- Opening Delimiter -
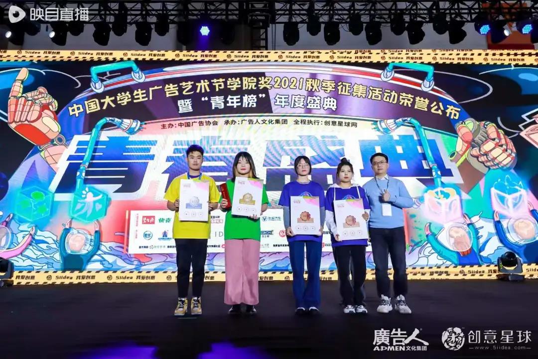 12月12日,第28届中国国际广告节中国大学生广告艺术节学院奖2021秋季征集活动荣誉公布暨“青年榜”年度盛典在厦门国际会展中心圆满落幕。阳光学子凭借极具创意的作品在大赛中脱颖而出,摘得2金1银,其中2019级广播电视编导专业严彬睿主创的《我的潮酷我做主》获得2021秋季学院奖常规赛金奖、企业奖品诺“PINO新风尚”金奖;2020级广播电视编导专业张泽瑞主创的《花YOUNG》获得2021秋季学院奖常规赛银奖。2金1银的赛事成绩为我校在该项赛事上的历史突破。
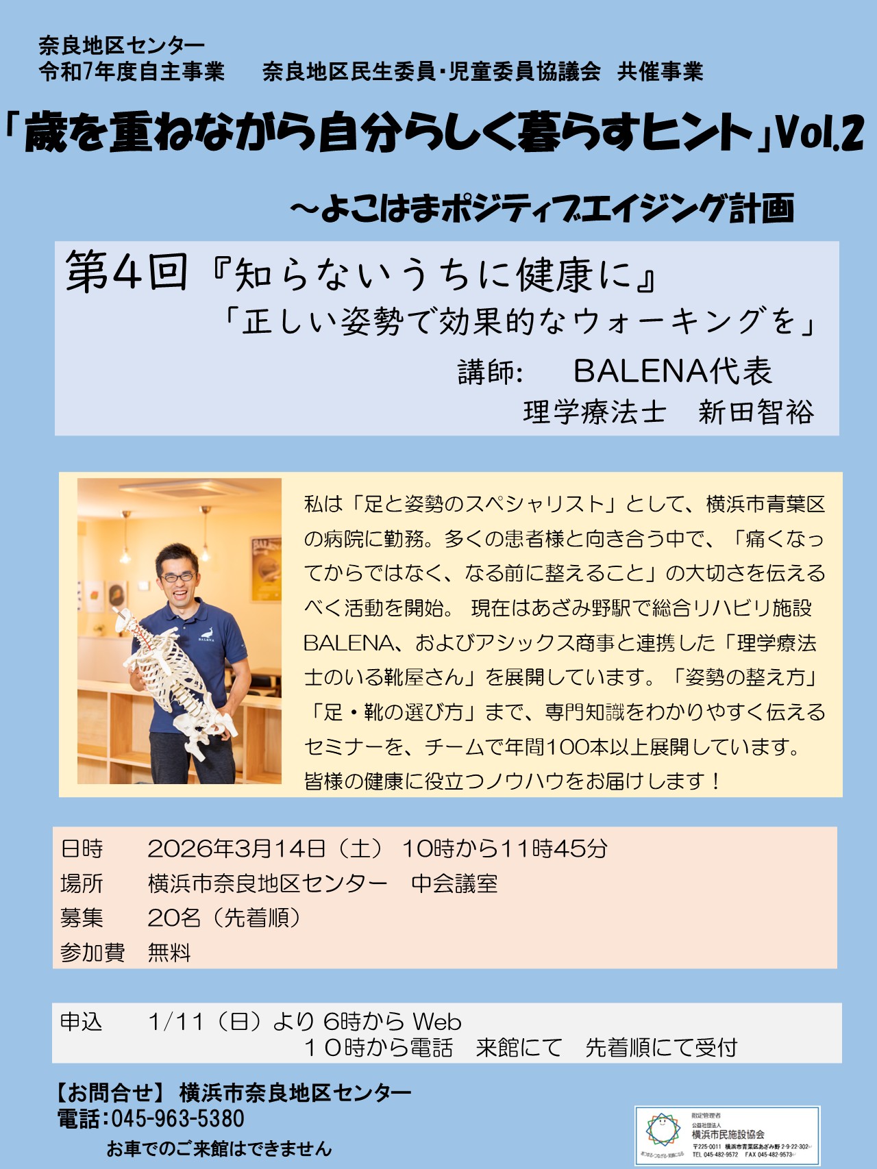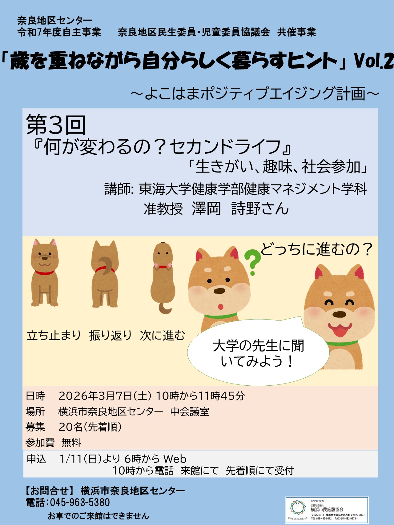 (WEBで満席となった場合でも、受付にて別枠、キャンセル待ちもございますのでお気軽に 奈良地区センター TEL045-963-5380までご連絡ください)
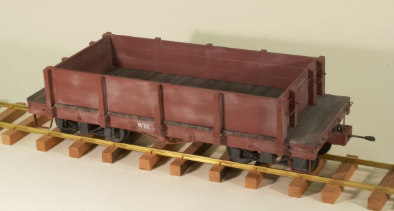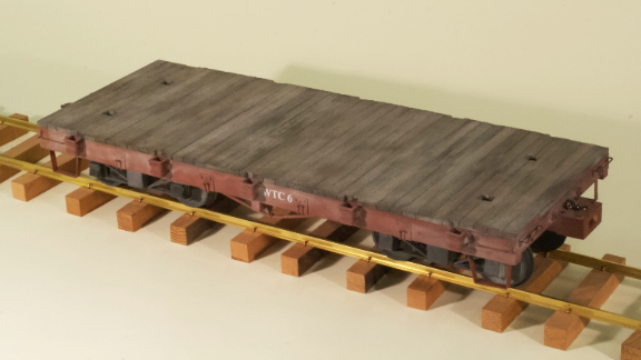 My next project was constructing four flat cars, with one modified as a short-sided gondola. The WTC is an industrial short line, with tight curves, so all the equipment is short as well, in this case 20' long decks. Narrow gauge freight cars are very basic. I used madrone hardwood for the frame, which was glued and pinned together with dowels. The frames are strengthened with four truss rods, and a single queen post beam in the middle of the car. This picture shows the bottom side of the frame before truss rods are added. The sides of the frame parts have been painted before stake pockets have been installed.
- Closing Delimiter -
■ Exercise aim ■
Repeat all the material exactly, but keep pictures out of the copy.

■ Task result ■
 12月12日,第28届中国国际广告节中国大学生广告艺术节学院奖2021秋季征集活动荣誉公布暨“青年榜”年度盛典在厦门国际会展中心圆满落幕。阳光学子凭借极具创意的作品在大赛中脱颖而出,摘得2金1银,其中2019级广播电视编导专业严彬睿主创的《我的潮酷我做主》获得2021秋季学院奖常规赛金奖、企业奖品诺“PINO新风尚”金奖;2020级广播电视编导专业张泽瑞主创的《花YOUNG》获得2021秋季学院奖常规赛银奖。2金1银的赛事成绩为我校在该项赛事上的历史突破。
 (WEBで満席となった場合でも、受付にて別枠、キャンセル待ちもございますのでお気軽に 奈良地区センター TEL045-963-5380までご連絡ください)
 My next project was constructing four flat cars, with one modified as a short-sided gondola. The WTC is an industrial short line, with tight curves, so all the equipment is short as well, in this case 20' long decks. Narrow gauge freight cars are very basic. I used madrone hardwood for the frame, which was glued and pinned together with dowels. The frames are strengthened with four truss rods, and a single queen post beam in the middle of the car. This picture shows the bottom side of the frame before truss rods are added. The sides of the frame parts have been painted before stake pockets have been installed.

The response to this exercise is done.